- [Data shown]:
———
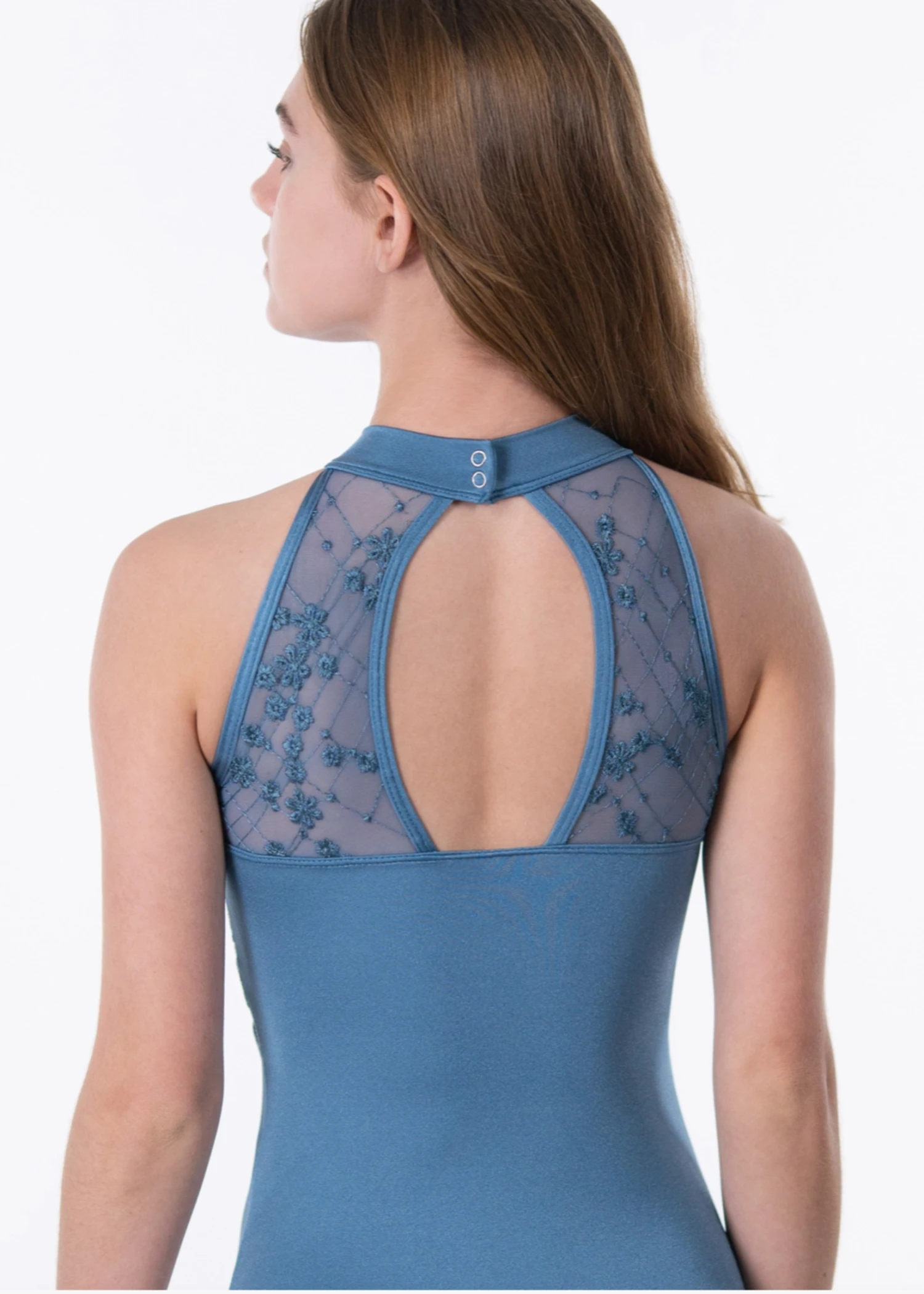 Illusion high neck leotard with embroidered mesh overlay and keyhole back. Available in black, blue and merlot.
———
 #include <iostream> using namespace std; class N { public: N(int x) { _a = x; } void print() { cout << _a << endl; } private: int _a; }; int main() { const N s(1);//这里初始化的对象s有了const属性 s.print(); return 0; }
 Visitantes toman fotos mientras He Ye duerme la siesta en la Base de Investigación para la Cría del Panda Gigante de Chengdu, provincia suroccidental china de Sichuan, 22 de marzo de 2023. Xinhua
———
- [What you have to do]: Copy the stretch of the records above that runs from the line with "#include <iostream> using" through the line with "Visitantes toman fotos". Both end lines belong in the copy, and nothing else does.

- [Answer for this exercise]:
 #include <iostream> using namespace std; class N { public: N(int x) { _a = x; } void print() { cout << _a << endl; } private: int _a; }; int main() { const N s(1);//这里初始化的对象s有了const属性 s.print(); return 0; }
 Visitantes toman fotos mientras He Ye duerme la siesta en la Base de Investigación para la Cría del Panda Gigante de Chengdu, provincia suroccidental china de Sichuan, 22 de marzo de 2023. Xinhua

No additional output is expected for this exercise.